# Pascal's triangle.

Is there an intuitive definition for the symmetry that occurs in Pascal's triangle? If $n$ in $\binom{n}{k}$ is odd, there is indeed an exact reflection along the center column (which divides the triangle into halves of $n-2$ parts each, and each half contains exactly the same elements in reverse order with respect to one another. This makes sense to me.

However, if $n$ is even, there is still a sort of additive? symmetry, where if you take the alternating sum of the binomial coefficients, the result is zero. This second fact is what prompted me to ask the question, as it seemed very mysterious...

Suppose n = 6, then 1 - 6 + 15 - 20 + 15 - 6 + 1 = 0, which seems very strange, as the "halves" are not broken evenly and contain no elements in common.

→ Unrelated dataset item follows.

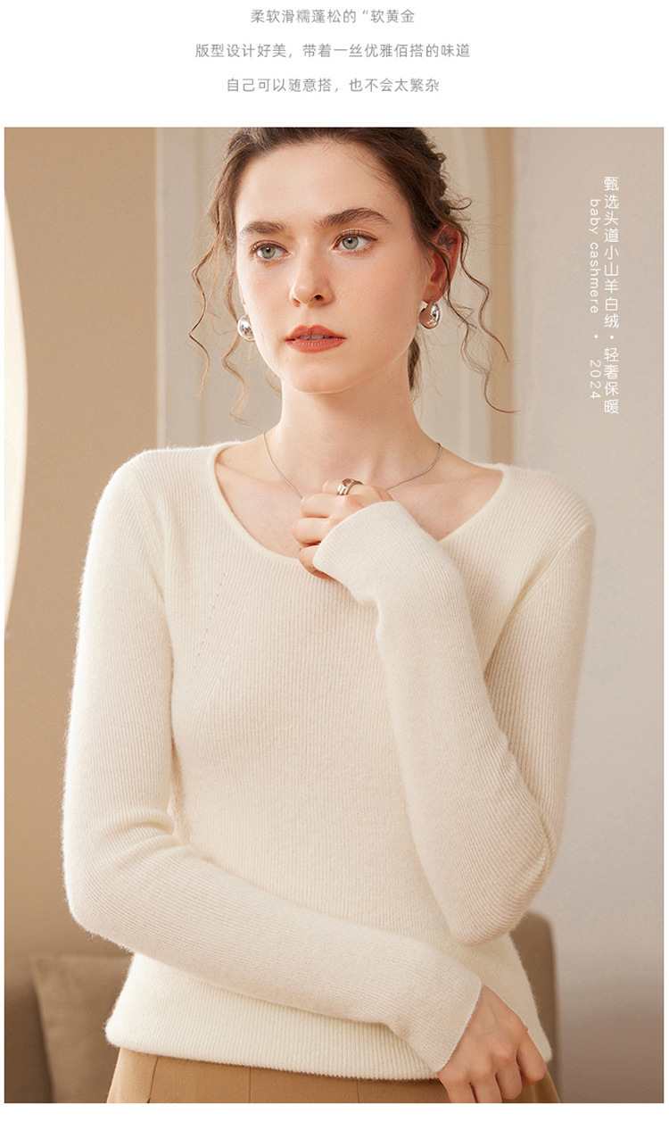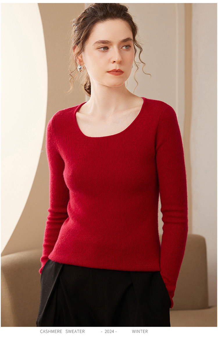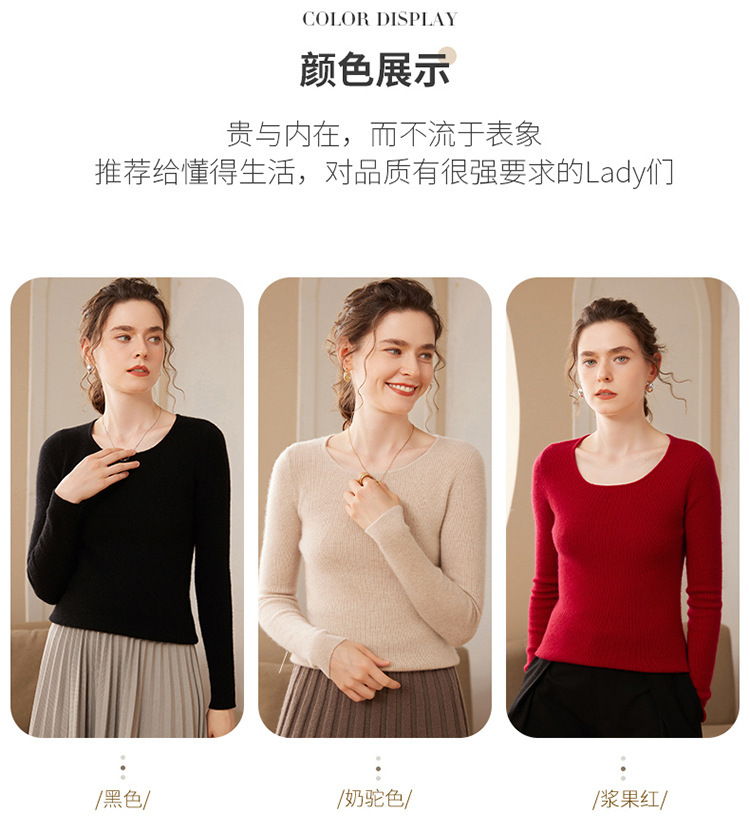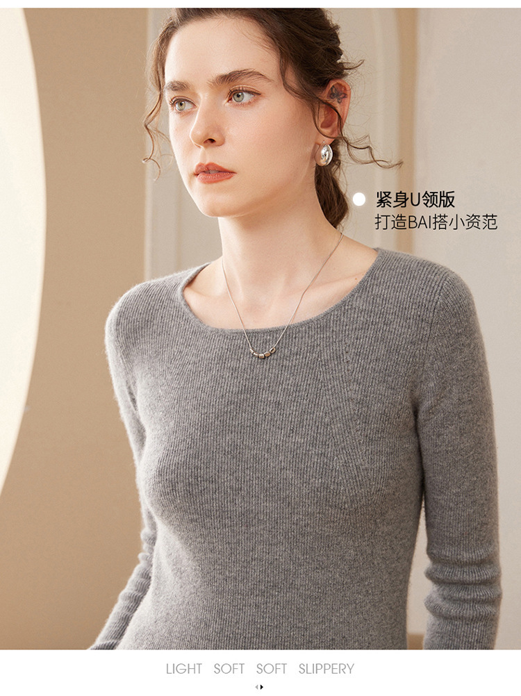 U-넥 캐시미어 니트베이스 셔츠 여성용 긴팔 슬림 핏 인테리어 유행 간단하고 편안한 피부 친화적 인 스웨터 캐시미어 스웨터스토어 가기

But it may be because I'm missing something.

With regards to @Jesse Meng's answer,

Interestingly, that second formula is precisely what I was trying to understand (intuitively). I understand and can apply the formula. However, I am missing the intuition with regards to why selecting x = 1 and y = -1 signifies combinatorially the alternating sum . Is there no simple way to convey it? Is there even an intuition? Should I completely reconsider my frame?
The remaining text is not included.